United States Ambassador to Romania
- In office December 7, 1989 – January 11, 1992
- President: George H. W. Bush
- Preceded by: Roger Kirk
- Succeeded by: John R. Davis Jr.

Chair of the Federal Maritime Commission
- In office June 1981 – June 1985
- President: Ronald Reagan
- Preceded by: Edward V. Hickey Jr
- Succeeded by: Leslie Lazar Kanuk

Personal details
- Born: May 1, 1925 Portland, Oregon, U.S.
- Died: March 23, 2001 (aged 75) Palm Springs, California, U.S.
- Cause of death: Heart failure
- Party: Republican
- Education: Stanford University
- Occupation: Businessman

= Alan Green Jr. =

American diplomat

Alan "Punch" Green Jr. (May 1, 1925 – March 23, 2001) was the United States Ambassador to Romania from 1989 to 1992. Green's service began just before the overthrow and execution of Romanian dictator Nicolae Ceaușescu. He evacuated women and children from the grounds and slept on his office couch for ten days due to explosions around Bucharest., In May 1990, he was recalled “to Washington for 'consultations.' A State Department spokeswoman described the action as a 'public signal of our concern for the process of free and fair elections.'”

==Business careers==
Green was chairman of the board and owner of Tom Benson Glass Co. He went on to own Western Batteries Inc. of Beaverton, Oregon. Green was a recovering alcoholic and was one of the founders of Comprehensive Care Corp., which provided treatment for alcoholism.

==Political career==
Green chaired the campaigns for former Oregon Governors Victor Atiyeh and Tom McCall and headed the Oregon campaign committees of presidents Gerald Ford, Ronald Reagan and George H. W. Bush.
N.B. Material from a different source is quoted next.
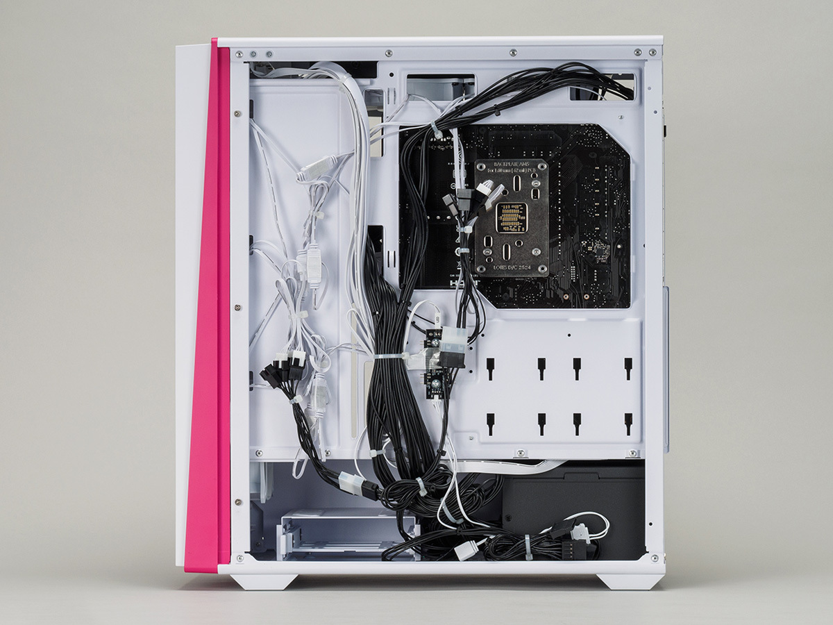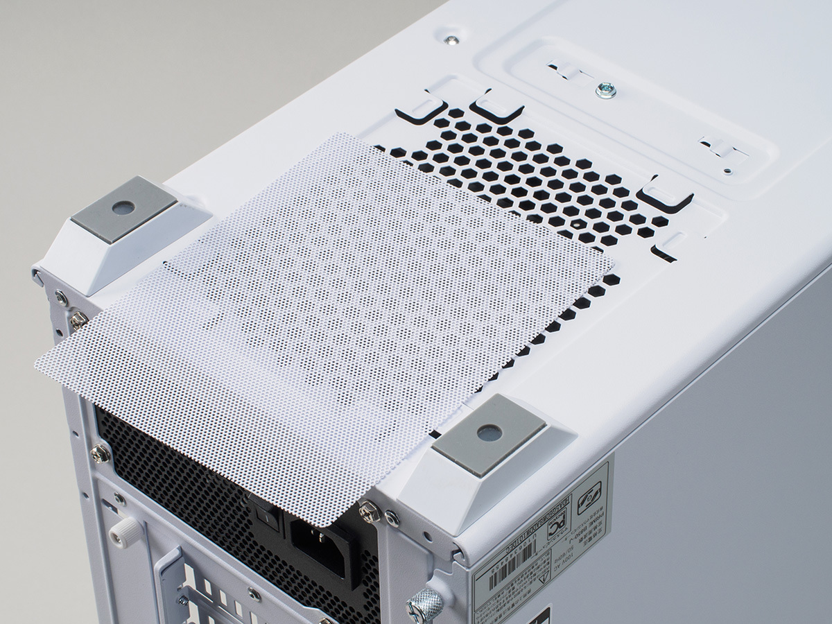エアフローは、フロントのメッシュパネル部分から取り入れた空気を上面と背面から排出する仕組み。ケース内に空気の流れを阻害するケーブル類がないこともあって冷却効率はかなり高いようで、ベンチマークなどで高い負荷をかけた場合でも動作は安定していた。

After serving two terms as chairman of the Port of Portland, Ronald Reagan appointed him chairman of the Federal Maritime Commission in 1981. Green “rated guiding the Shipping Act of 1984 through Congress as one of his proudest achievements” of his four year tenure.

==Personal life==
Green was valedictorian of his class at Lincoln High School (Portland, Oregon) and served in the U.S. Army in the Pacific during World War II before graduating from Stanford University in 1949. At Stanford he was known as Mr. Republican.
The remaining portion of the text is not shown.